Geosteering, aiming at intersecting specific reservoir zones, can be dissected into three key components: predrilling planning, monitoring/model updating, and in-drilling decision-making [
7]. As the cornerstone of successful geosteering, geological interpretation involves continuous measurement, interpretation, and modeling of the formation of interest, drawing from various data sources like well-log measurements, seismic surveys, cuttings, and coring operations [
8]. More specifically, during the construction of the well, geoscientists and drilling engineers frequently analyze the collected well logs to determine lithology and resistivity of the formations surrounding the wellbore while drilling (well-log interpretation) and combine the interpretation with established larger-scale area seismic surveys to reconstruct the subsurface formation shapes (horizon tracking). The interpreted formation shapes need to be continually updated while drilling to offer real-time insights into subsurface conditions, which help drillers make informed geosteering decisions to optimize the drilled well trajectory and well placement.

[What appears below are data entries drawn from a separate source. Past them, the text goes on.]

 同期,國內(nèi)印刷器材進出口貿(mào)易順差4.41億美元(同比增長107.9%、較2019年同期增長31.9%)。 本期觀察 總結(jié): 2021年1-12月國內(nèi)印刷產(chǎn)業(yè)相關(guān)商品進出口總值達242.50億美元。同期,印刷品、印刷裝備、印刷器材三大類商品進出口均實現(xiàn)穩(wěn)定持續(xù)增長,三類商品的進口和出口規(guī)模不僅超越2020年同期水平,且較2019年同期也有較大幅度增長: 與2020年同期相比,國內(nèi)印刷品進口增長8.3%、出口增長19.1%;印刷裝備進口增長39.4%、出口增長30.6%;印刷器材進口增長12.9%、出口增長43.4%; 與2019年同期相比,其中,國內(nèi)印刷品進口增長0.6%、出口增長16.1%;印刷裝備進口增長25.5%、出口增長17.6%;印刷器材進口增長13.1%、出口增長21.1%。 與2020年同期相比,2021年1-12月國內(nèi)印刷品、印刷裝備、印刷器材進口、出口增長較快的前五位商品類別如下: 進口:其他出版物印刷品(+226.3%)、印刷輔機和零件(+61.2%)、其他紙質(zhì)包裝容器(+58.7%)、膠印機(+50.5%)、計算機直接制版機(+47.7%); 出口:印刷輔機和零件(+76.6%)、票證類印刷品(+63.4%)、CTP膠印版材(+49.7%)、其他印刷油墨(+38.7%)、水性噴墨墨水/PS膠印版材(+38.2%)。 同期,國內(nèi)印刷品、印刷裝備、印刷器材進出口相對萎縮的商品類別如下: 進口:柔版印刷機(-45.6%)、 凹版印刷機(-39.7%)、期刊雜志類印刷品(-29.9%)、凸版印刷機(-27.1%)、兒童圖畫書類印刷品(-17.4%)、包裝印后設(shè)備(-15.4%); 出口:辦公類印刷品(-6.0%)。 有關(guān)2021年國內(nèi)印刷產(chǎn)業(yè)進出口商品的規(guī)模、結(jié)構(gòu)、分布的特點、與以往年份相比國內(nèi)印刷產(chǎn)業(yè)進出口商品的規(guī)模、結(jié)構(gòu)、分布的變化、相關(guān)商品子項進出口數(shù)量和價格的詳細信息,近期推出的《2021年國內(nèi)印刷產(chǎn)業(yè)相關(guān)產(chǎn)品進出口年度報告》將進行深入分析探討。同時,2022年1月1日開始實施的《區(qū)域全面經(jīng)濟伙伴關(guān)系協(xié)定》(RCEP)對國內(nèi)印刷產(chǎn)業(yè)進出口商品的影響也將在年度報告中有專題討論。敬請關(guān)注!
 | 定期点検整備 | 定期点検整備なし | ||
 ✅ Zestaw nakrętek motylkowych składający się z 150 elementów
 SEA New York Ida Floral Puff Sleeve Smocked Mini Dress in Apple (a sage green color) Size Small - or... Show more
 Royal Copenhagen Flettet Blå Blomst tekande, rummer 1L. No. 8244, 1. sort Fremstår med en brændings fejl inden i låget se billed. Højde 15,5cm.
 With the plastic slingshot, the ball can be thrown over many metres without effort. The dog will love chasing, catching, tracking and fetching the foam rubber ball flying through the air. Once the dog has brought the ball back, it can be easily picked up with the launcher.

However, nowadays, processes in these different phases of geosteering highly rely on human inputs, initial condition setups, and personal judgments, which can lead to suboptimal and biased drilling decisions. Moreover, given the indirect and incomplete information used in geological interpretation, uncertainties are unavoidable [
9]. Recent research has focused on probabilistic well-log interpretation techniques to address the uncertainty in geological interpretation. One prominent approach is to interpret the well-log data via Bayesian analysis. Traditional Kalman filters, ensemble Kalman filters, and Monte Calo techniques have been explored to generate probabilistic near-wellbore formation shapes. An alternative approach is to treat the interpretation as a large-scale statistical inference problem, which is generally of high dimensionality and is computationally intensive.

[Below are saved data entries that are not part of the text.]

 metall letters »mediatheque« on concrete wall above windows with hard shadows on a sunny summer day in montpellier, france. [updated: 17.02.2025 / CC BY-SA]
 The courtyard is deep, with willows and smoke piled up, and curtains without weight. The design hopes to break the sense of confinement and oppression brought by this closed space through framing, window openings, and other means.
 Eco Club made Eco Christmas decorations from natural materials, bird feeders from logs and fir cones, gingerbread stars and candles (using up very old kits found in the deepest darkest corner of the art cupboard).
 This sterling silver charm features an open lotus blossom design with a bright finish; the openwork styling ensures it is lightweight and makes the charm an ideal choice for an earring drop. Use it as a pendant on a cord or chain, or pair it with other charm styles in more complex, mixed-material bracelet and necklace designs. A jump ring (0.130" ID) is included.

In geological interpretation, the wellbore itself (and the high resolution well logs taken in and around it) is only a minute feature in the entire subsurface volume that is of interest to well construction operations. To be of practical use, well-log interpretation must be interpreted in the context of a larger scale model, which in the field often comes from a seismic survey taken over a large area [
10], to accomplish the horizon tracking of subsurface formation shapes. Algorithms have been proposed to auto-track the horizon within the 3D seismic volume, and recently advanced data processing approaches are incorporated to improve the tracking accuracy and efficiency.
In this paper, we delve into the prediction and reconstruction of both near-wellbore and geological-area formation shapes, considering the uncertainty and various operational constraints of geological interpretation and geosteering in well construction. A fully automated workflow is proposed to combine well-log interpretation and horizon tracking to optimize geosteering activities. The implementation of recursive Bayesian filter for formation shape estimation is first explored. Additionally, the concept of horizon auto-tracking (a numerical algorithm for formation horizon identification in the 3D space) is introduced. Combing well logs and initial structural geomodels, it yields a stereoscopic data for geosteering process. Lastly, the proposed geosteering interpretation approach is rigorously tested, using both synthetic and field datasets, to validate its effectiveness and reliability in geosteering applications.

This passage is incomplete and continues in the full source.